“I can just take you home. Another cab will take too long.”
“Nooo, that’s…okay.” My words stumble over themselves.
No way am I getting in a car with a stranger.
He chuckles. “Honey, relax. I’m not trying to hurt you. You look like hell. I’m just trying to be a gentleman.”
His arm tightens. Too tight. My pulse spikes. I try to pull back, but my limbs are sluggish, my vision smearing like wet paint.
He opens a door. Black? Blue? I can’t make out the color.
Oh my God.
“Get off of me.” I push, but it’s weak.
“Shut up and get in before you cause a scene, stupid lush whore.”
Fear clamps down on me, cold and suffocating.
He tries to shove me inside. I fight, weak and uncoordinated. When I open my mouth to scream, his hand slams over it.
Pure terror slices through me.
This is it. This is how I die.
Then, out of nowhere, he’s gone, ripped away from me like a toy snatched from a child. I stumble, gasping.
Shapes move in the dark. Three? Four? But my vision won’t focus.
Strong arms wrap around me, holding me upright.
“No…” I groan, trying to shove him away. “Leave me alone.”

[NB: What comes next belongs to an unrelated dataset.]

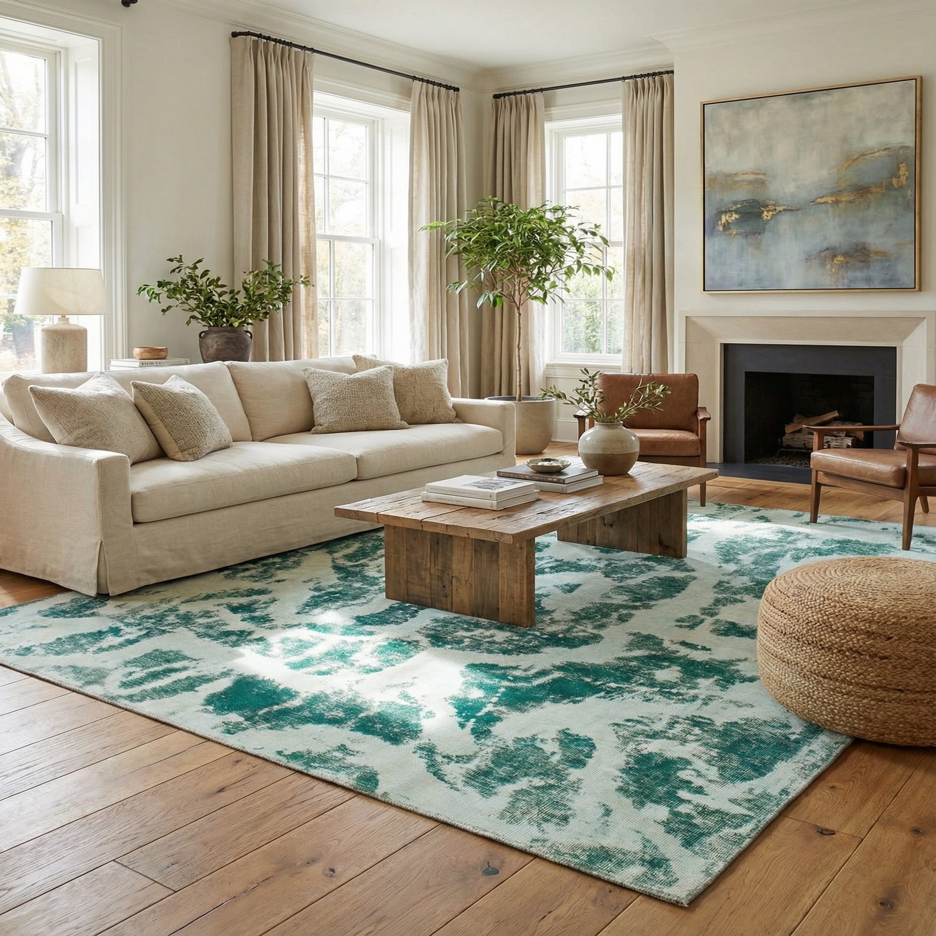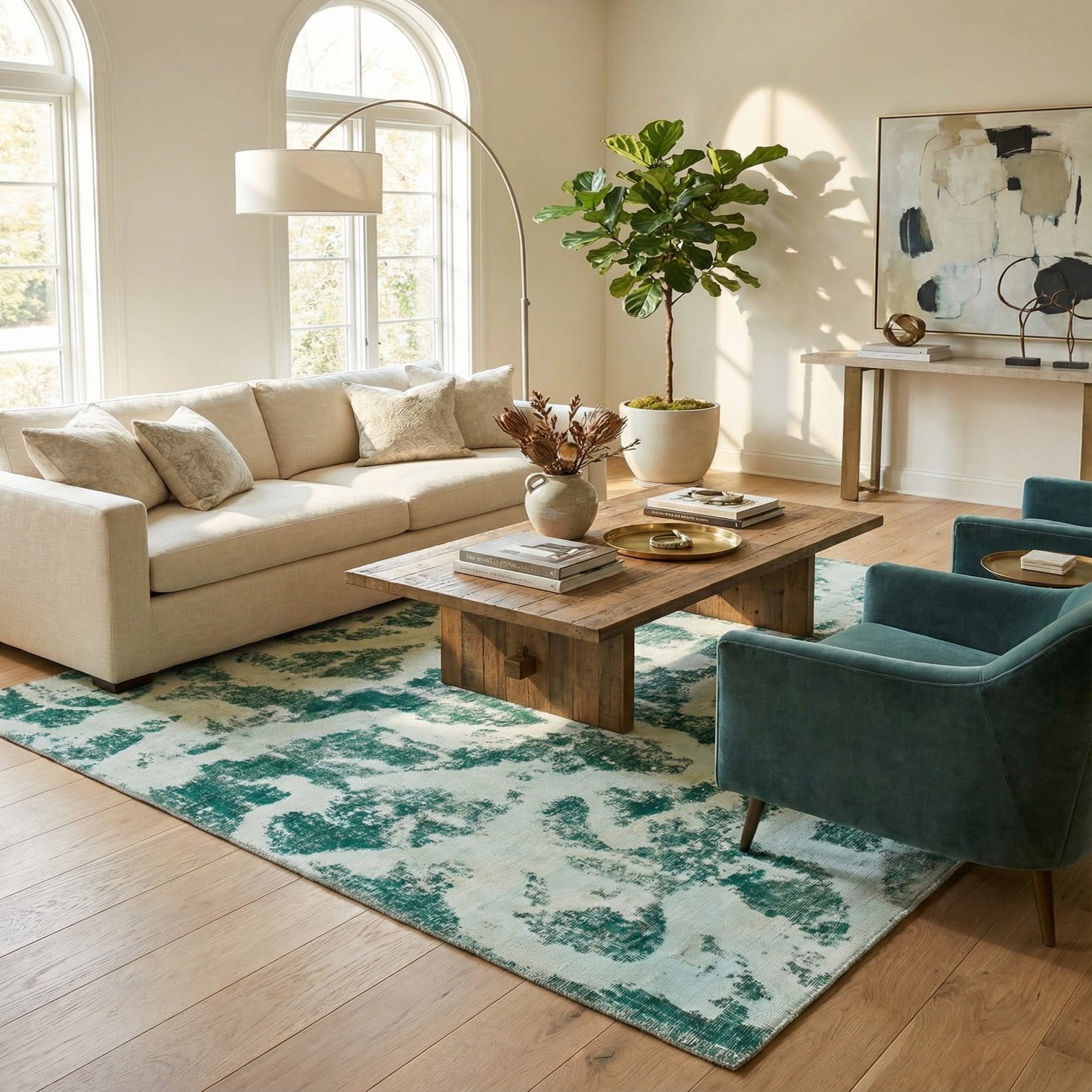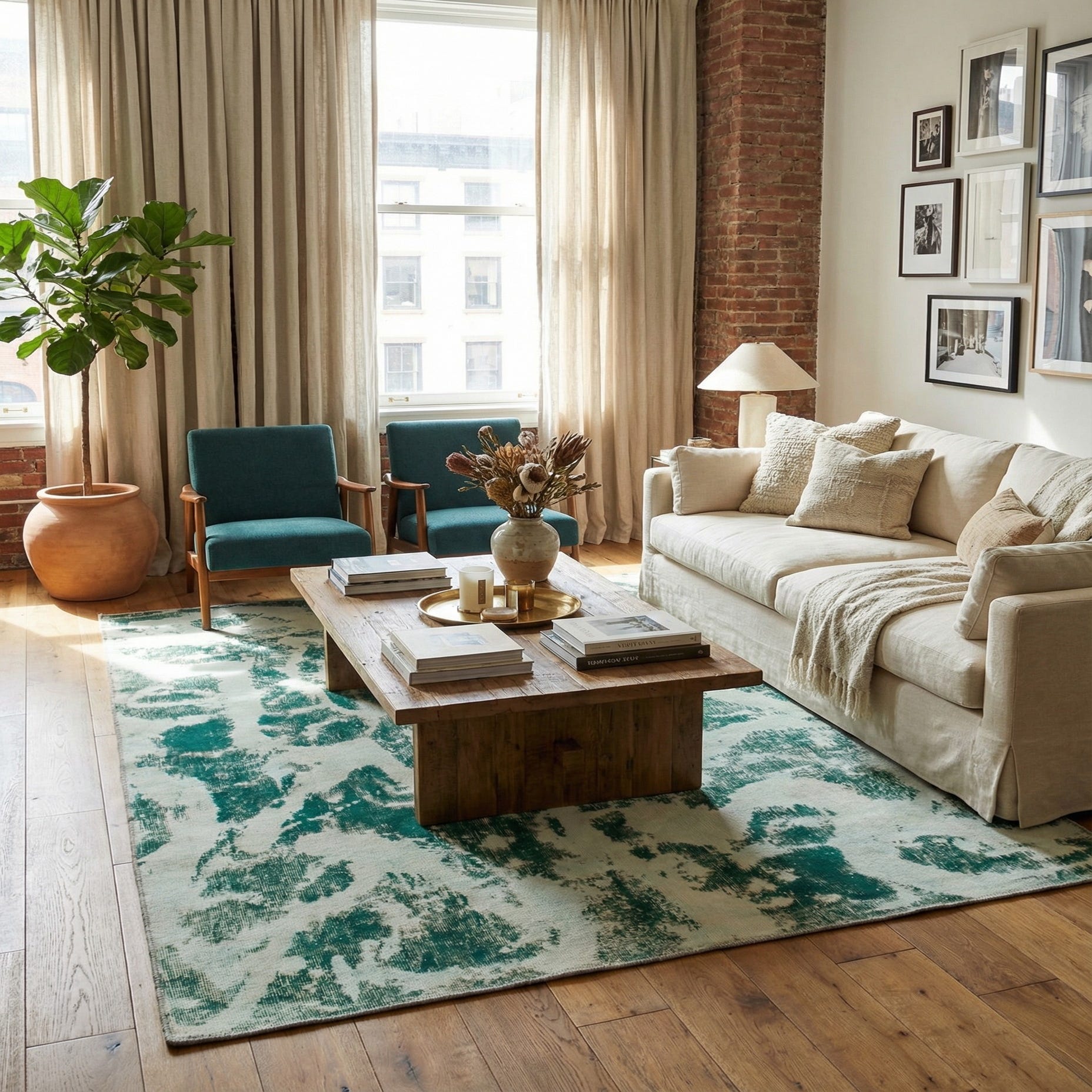 The warm green palette pairs well with natural wood tones, linen upholstery, and mixed-metal accents like brass or matte black. Place it to anchor a living room seating area, layer it under a low-profile bed for added color and texture, or use it to define a cozy home office or reading nook. Its blend of color and pattern works equally well in contemporary, transitional, or modern eclectic interiors, and it complements botanical accents and neutral walls for a balanced, inviting look.
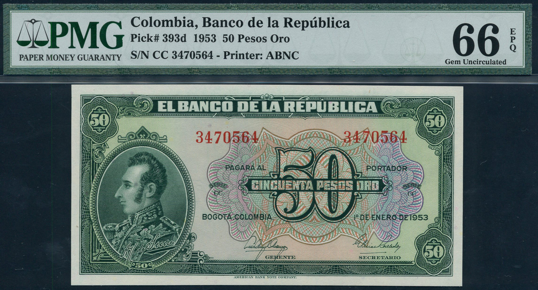 El Banco de Republica, Colombia, 50 pesos, 1953, serial number CC 3470564, 5 pesos, 1953, serial number 32358698, green and olive green respectively, the 50 pesos featuring portrait of General Santander at right and the 5 pesos with portrait of Cordoba

“Shh, detka. You are safe now.”
That deep, familiar voice cuts through the haze, and relief slams into me so hard my knees nearly give. But beneath it, something else pulses. A note I’ve never heard from him before.
Pain.
He cradles me against the strength of his body, and my lashes flicker, head lolling against his solid chest that smells just like the cologne he always wears.
“Aleksei?”
“It’s me, detka. You’re okay. I have you.” I can feel the agony drip from every syllable.
My fingers curl into his jacket, and the fight goes out of me.
Because no matter how twisted this is, no matter how much I hate him, a part of me knows I’m safe now.
ALEKSEI
She’s quiet, hardly breathing, her limbs limp and tangled in my sheets with my comforter tucked around her. I almost like the sight of her here in my bed, amongst my things. Like she’s always been here.
I sit at the edge, elbows braced on my thighs, watching her chest rise and fall like I’ve forgotten how to do the same.
I should have gotten there sooner. Should’ve skipped the fucking boardroom, canceled every meeting, torn apart the cityif I had to. Instead, I let her slip through the cracks and straight into the hands of a predator.
Now she’s pale and curled in on herself like a wounded animal.